La Federmeccanica propone di passare dalla paga base ai “minimi di garanzia” e con questa novità propone: niente aumenti nel 2016; e poi di prendere soldi nostri e cambiargli di casella in busta paga senza dare aumenti a chi ha già qualcosa oltre il minimo contrattuale (paga base). Pare che forse solo il 5% dei metalmeccanici potrebbe essere coinvolto dagli aumenti. Il superamento e la abolizione delle voci è sempre una fregatura: con la abolizione della scala mobile (che seguiva automaticamente l’inflazione) ci dicevano che sarebbero aumentati gli spazi per la contrattazione aziendale e per l’occupazione. I risultati sono indebolimento su tutti i fronti e meno 25% degli occupati nella sola industria metalmeccanica.

I padroni vorrebbero indietro 75 euro perché la inflazione è stata più bassa del previsto. Ovvero lasciano perdere (come son buoni) se i sindacati trattanti sono disponibili a cancellare gli scatti di anzianità e ad avvallare niente aumenti a chi ha già avuto qualcosa dalla contrattazione aziendale e/o dai superminimi con una contrattazione individuale.

Contratto sì, contratto …. anche No. Così non ci stiamo! Diciamo no alla ipotesi di Federmeccanica!

Al tavolo con la Federmeccanica sono seduti i tre sindacati Fim, Fiom e Uilm ma ognuno di loro si è scelto il modo di farsi dare un mandato da iscritti e lavoratori. Il contratto nazionale vale per tutti (iscritti e non iscritti). La unità e la maggioranza che conta non è (solo) quella dei vertici ma quella che va costruita tra tutti i lavoratori che devono essere coinvolti e decidere sui contenuti rivendicativi (eventualmente anche alternativi tra loro) e sulla delegazione trattante.

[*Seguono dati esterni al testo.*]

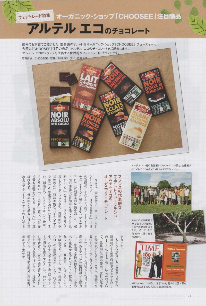 アルテル エコのチョコレートが紹介されました。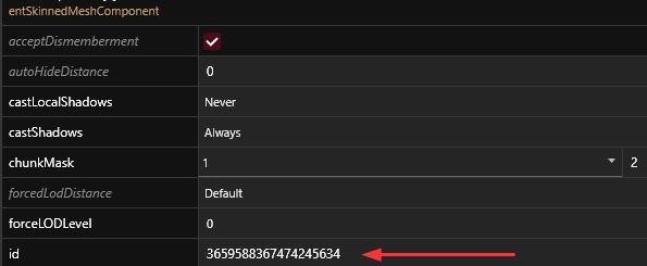 Check the component's **id** in the mesh `.ent` or `.app` appearance's `components` array: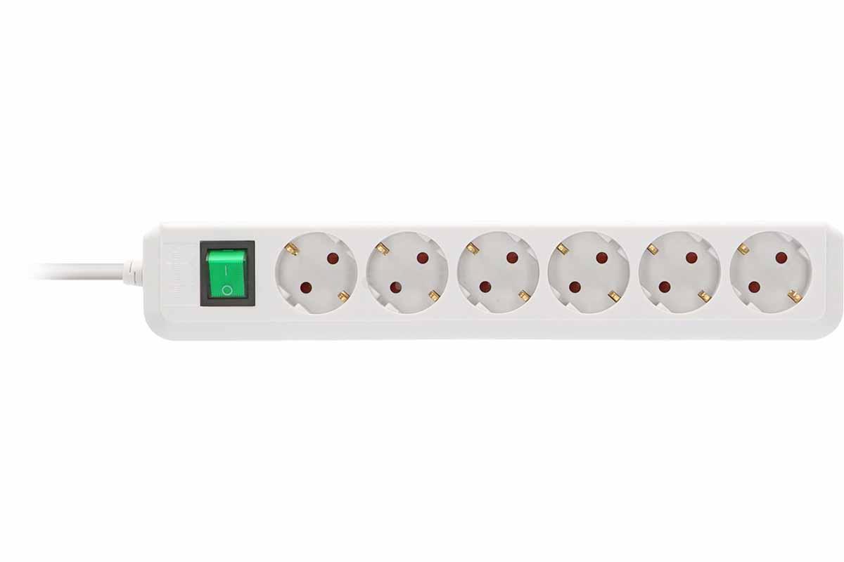 Brennenstuhl Eco-Line, Steckdosenleiste 6-fach, mit Schalter, 3 m Kabel, weiß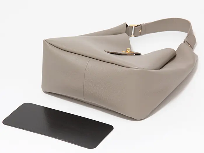 内側には取り外し可能な底板付き。マチに安定感があり、荷物を入れてもバッグのフォルムを崩しにくく、すっきりとした美しいシルエットをキープします。

Una proposta – diciamo ai sindacati trattanti di fermarsi (tanto nel 2016 non ci danno niente) e tornare a discutere nelle aziende con assemblee e far decidere lavoratori e lavoratrici sulle diverse ipotesi. Ci domandiamo se non sia giunta l’ora di:

aumenti salariali veri per recuperare quello che abbiamo perso nei decenni scorsi.

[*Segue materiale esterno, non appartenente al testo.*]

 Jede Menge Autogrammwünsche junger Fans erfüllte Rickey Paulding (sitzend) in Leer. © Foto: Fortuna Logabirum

 affrontare il problema della occupazione con la riduzione dell’orario di lavoro e il ripristino dell’80% del valore della cassa integrazione e contratti di solidarietà senza nessun massimale.

mettere mano al superamento delle differenze salariali uomo donna?

Per far sentire la propria voce nelle varie aziende si possono promuovere dove possibile le assemblee nei luoghi di lavoro, sciopero e/o azioni di protesta e coordinarsi tra delegati e lavoratori che vogliano costruire una alternativa. – Ps: Gli incontri delle ultime settimane non hanno cambiato il quadro.

Il contratto a queste condizioni non s’ha da fare!